Despite the above negatives, Pandit was at the helm during an impossible era, having inherited many of the problems with which he is blamed. Referring as his tenure as “his five year reign of terror,” or the banking industry as full of “Too Big to Regulate” banks is a nice punch line, but is such a painful oversimplification as to render that article’s surrounding observations suspect at best. This is not to suggest that Pandit is without culpability – during the same period, J.P. Morgan Chase (NYSE: JPM) CEO Jamie Dimon has risen to near-celebrity status – but I prefer to look at the way forward.
The Corbat Years
As Mr. Corbat takes the reigns, speculation abounds as to what direction the company will take. Corbat, who is known for his risk management skills, is expected to focus on the upcoming stress tests, divesting “bad” assets and profiting from the bank’s strong position in emerging markets. In this final category, Citi has been recognized as a leader in securities lending for the last three years and is expected to build on this positive position within the marketplace. This has been a key area amongst many global banks, making Citi’s position here an important part of its future success.
One of the most critical areas of focus for Mr. Corbat must be the relationship between the company and the government. Citi was the only bank to fail a recent stress test and one of the largest recipients of taxpayer assistance during the crisis. If Citi can leverage and then end this relationship, falling more cleanly inside of the proverbial lines, the institution should benefit.
The change of leadership has been credited as a catalyst for the credit rating upgrade from “negative” to “stable” by Moody’s. The upgrade has drawn concern from some, but highlights the sentiment of the street on the transition. Whether real or perceived, new leadership is being viewed as a potential catalyst for the reinvigoration of the vast Citi empire.
When compared to competitors like J.P. Morgan, Bank of America (NYSE: BAC) and Wells Fargo (NYSE: WFC), the numbers are simply not compelling. Even with the cataclysmic plunge in the stock’s price, Citi still trades at a trailing multiple of 15.6; J.P. Morgan trades at 8.8, Wells Fargo at 10.7 and Bank of America at 25.3. Other major metrics stack up similarly, leaving J.P. Morgan as the most attractive bank amongst the largest players.

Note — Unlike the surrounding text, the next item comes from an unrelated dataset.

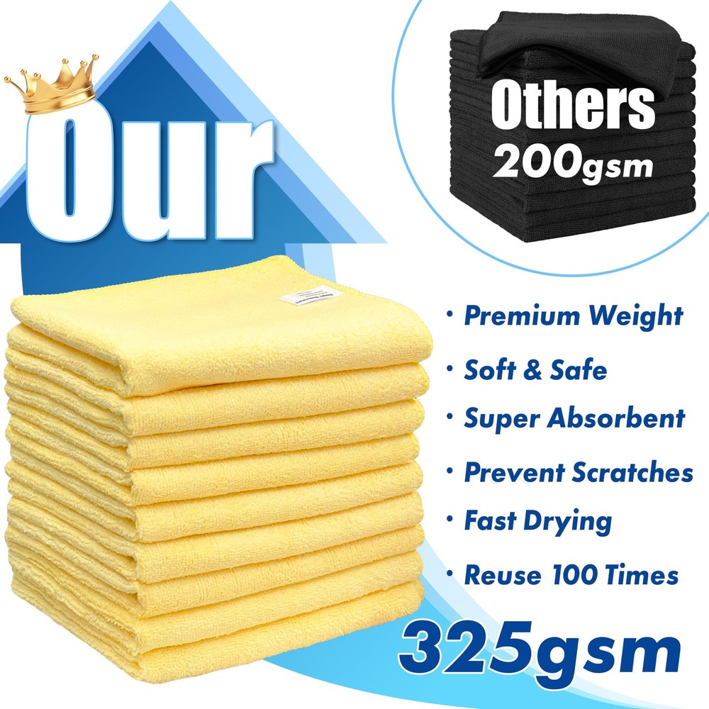 9-Pack Microfiber Cleaning Towels, Heavy-Duty & Reusable Cloths for Home, Kitchen, and Car, 16" x 24", 325 GSM Made for Daily Household Cleaning: Ideal for kitchen counters, sinks, stovetops, bathroom surfaces, mirrors and more; also works great for cars, windows, and general cleaning tasks Premium Weight, Heavy-Duty Performance: Crafted with high-density 325 GSM microfiber for enhanced durability and absorption; heavier and more substantial than standard cleaning towels Soft-Touch and Safe on Surfaces: Non-abrasive texture is gentle on hands, cookware, appliances, and fixtures - perfect for delicate finishes and everyday use Extra Absorbent and Fast Drying: Holds up to 8 times its weight in water, making it ideal for spills, drying dishes, or wiping down bathroom counters Reusable and Eco-Friendly: Use it over 100 times with proper care - a smart and sustainable swap for wasteful paper towels Generous Size and Multi-Purpose: Each towel measures 16" x 24" - large enough for big jobs, yet easy to fold for smaller tasks in kitchen drawers or cleaning caddies

As a speculative play, however, there is an argument to be made for Citi, albeit a weak one. The company recently began paying a tiny dividend and is taking positive steps towards removing itself from life support. Ultimately, by the time we know if Corbat can turn the company around, the stock will have moved significantly. If you’d like to bet on his success, with the government’s protection of Citi as a safety net, the stock is interesting.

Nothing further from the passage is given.